The young men were arrogant, but they knew better than to be apprehended by the watch. They ran through the gate and on into the long alley that lay between the northern wall of the dragonhouse and the south wall of the stables. The Radusans, Rogo, Evic, Big John, and Kale, the biggest of them all, sprinted for the doors set in that wall. Once there they would mount their horses and soon be back on Foluran Hill.
Taking the alley proved to be a mistake, however for the stable lads had passed the word to the dragonhouse. The young men in the stable were not fond of the young aristocrats from the House of Radusa.
The reception committee was waiting by the time the Radusa boys reached them. In the middle were Swane and Rakama, the biggest boys in the 109th Marneri. With them were most of the unit, excepting Relkin and Manuel, who would probably have disapproved of the whole thing. Swane didn't want to risk telling either of them.
"And where would you fellows be going with clubs and flails in your hands?" said Swane in an innocent voice as he planted himself in their way.
"Get out of my way, you damned orphan bastards!" snarled Kale.
"Oh, and aren't we the haughty men!" said Rakama with a slight smile.
"They think they can beat up a dragonboy from the 109th, and we're not gonna do anything about it," said Jak.
"You'll get yourself seriously hurt if you involve yourself in our affairs," warned Rogo.
"Now, now, don't come all high-and-mighty with us.
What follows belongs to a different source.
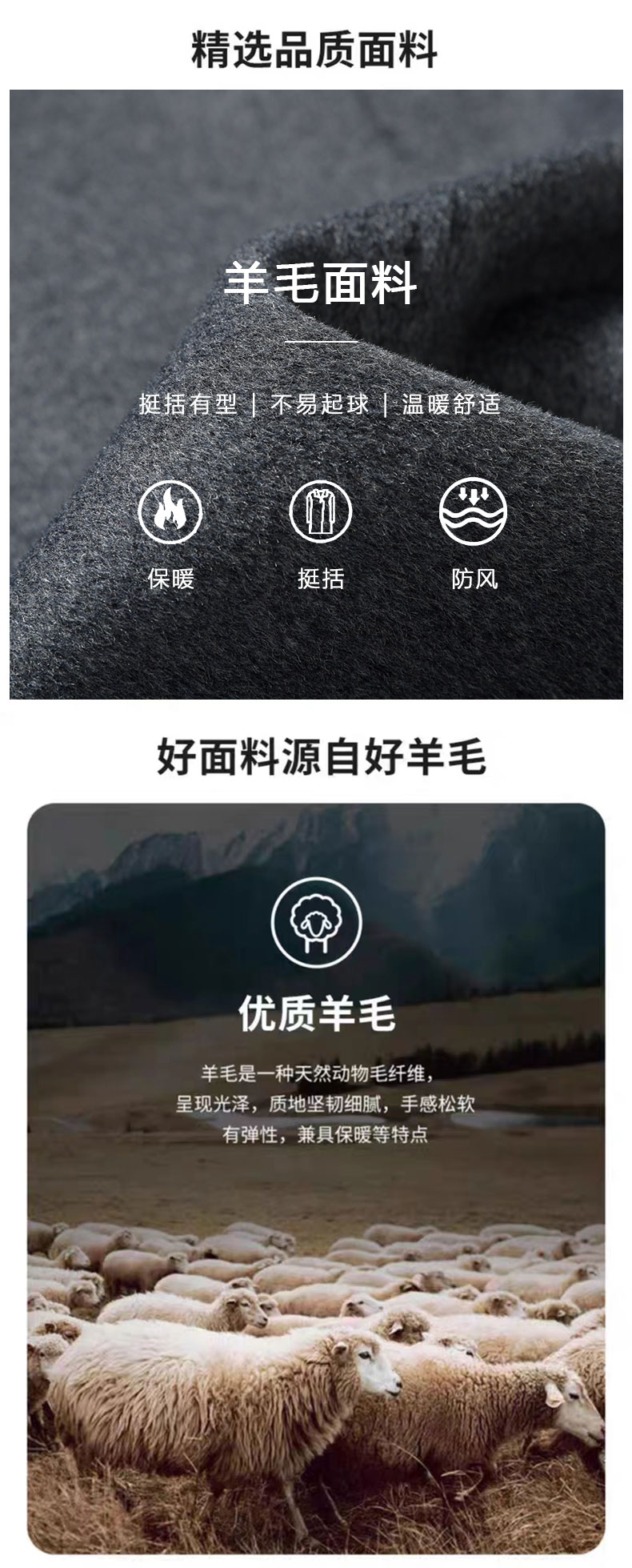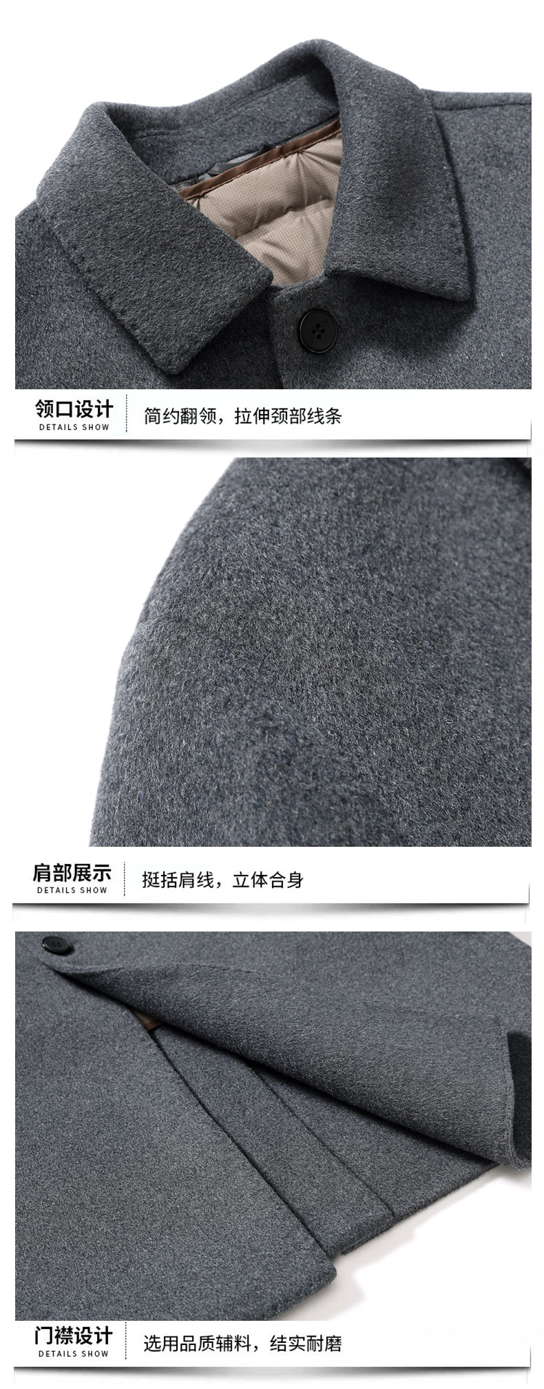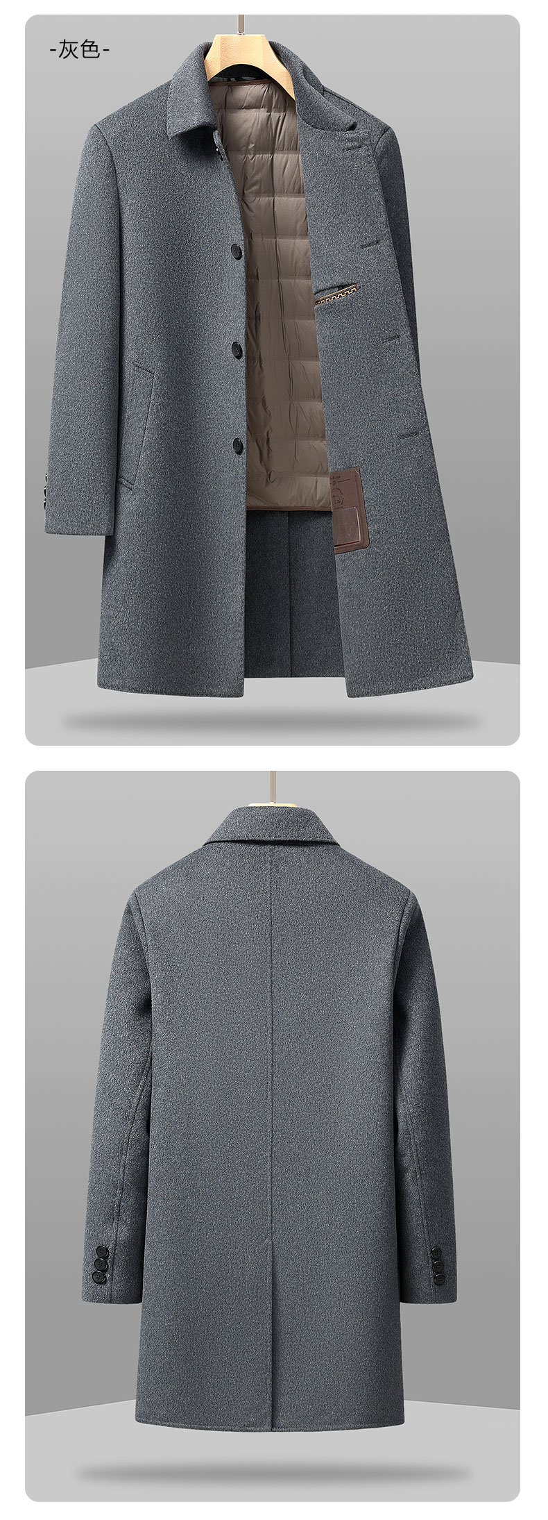 【可拆卸羽绒内胆】【绵羊毛】【新款DXS】大依优型大码中长款翻领羊毛呢大衣外套商务夹克男宽松加肥加大码上衣胖子正装休闲

You just dusted up our friend Curf. You can lower yourself to that, you can lower yourself to this."
Kale suddenly made play with his flail, a rod with iron chain. Swane and the others drew swords and dirks with a clatter of steel.
At the sight of steel in the hands of eight dragonboys, the Radusa boys hesitated.
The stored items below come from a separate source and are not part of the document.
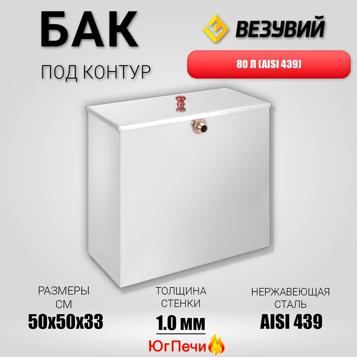 Бак под контур 80л (1,0мм) Длинна 500 мм. Нержавеющая сталь AISI 439. интересное: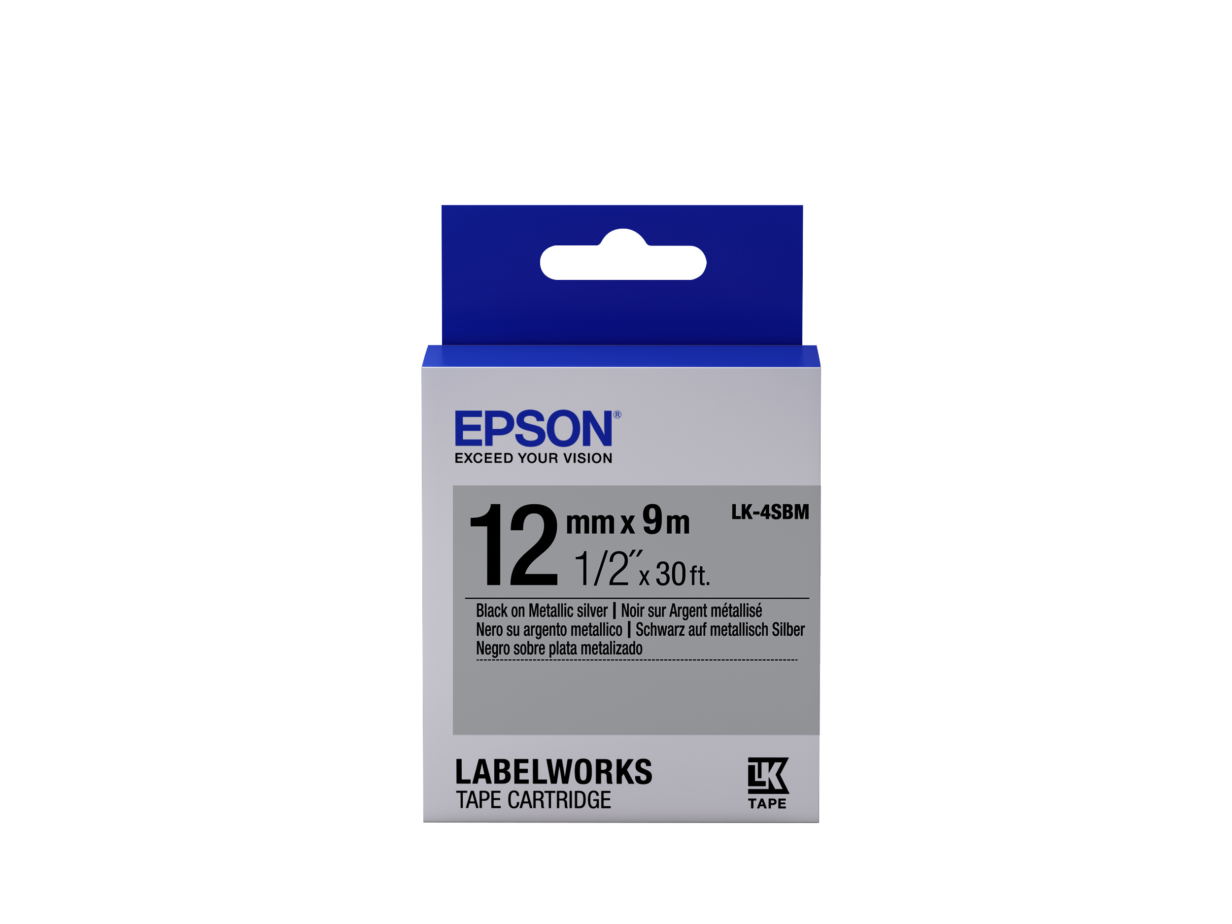 Epson LabelWorks LK-4SBM C53S654019 12mm x 9m, testo nera / nastro argento, fluorescente, nastro originale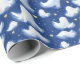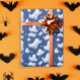 This wrapping paper has a whimsical design with lots of little white playful Halloween ghosts on blue starry night watercolor background.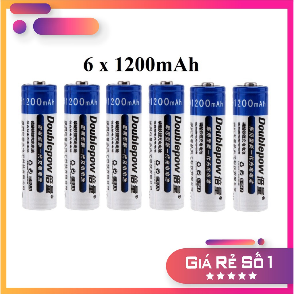 [SIÊU GIẢM GIÁ] Bộ 6 viên pin tiểu sạc Doublepow AA 1200mAh (tặng hộp đựng pin)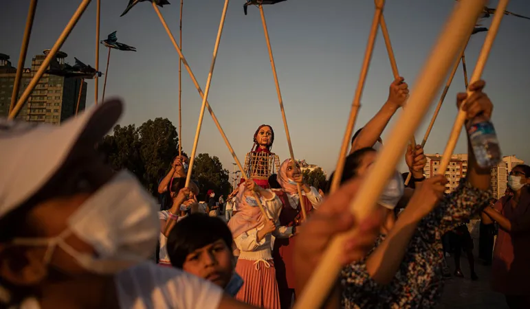 La piccola Amal è un burattino alto 3,5 metri che raffigura una giovane rifugiata di circa 9 anni, e che rappresenta idealmente tutti i bambini sfollati, molti dei quali separati dai loro genitori. Percorrerà oltre 8.000 km in cerca della sua famiglia per incarnare il monito: “Non dimenticatevi di noi”.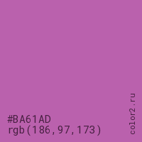 Цвет #BA61AD в цветовой модели RGB обозначается тремя октетами (186, 97, 173) в десятичном формате и #BA61AD в шестнадцатиричном (hex) формате, которые являются интенсивностью красного 186 (hex BA), интенсивность зелёного 97 (hex 61) и интенсивность синего 173 (hex AD).

"Yeah," said Swane. "You don't like that thought, do you?"
"You would hang."
"You wouldn't be there to see it."
The Radusa boys drew back a step. Dragonboys knew how to fight with edged weapons and they had no intention of getting gutted by these orphan bastards.
"That's right, you think about it. And then think about this. One of you has to fight one of us. Bare-handed. That's all."
Kale looked to Rogo and Big John. Their cousin Evic grinned. "One of you to fight Kale, eh?"
Kale was two inches taller than any of them and fifty pounds heavier.
"Who's it to be then?" he said, grinning evilly.
"Me," said Rakama, moving to the fore Swane let him go without a word of comment Though Swane had beaten Rakama in the one real fight between them, he had come to accept that in a fistfight, Rakama was the top boy in the unit Rakama had also been the champion light-heavyweight boxer in the First Legion at the last Legion Games.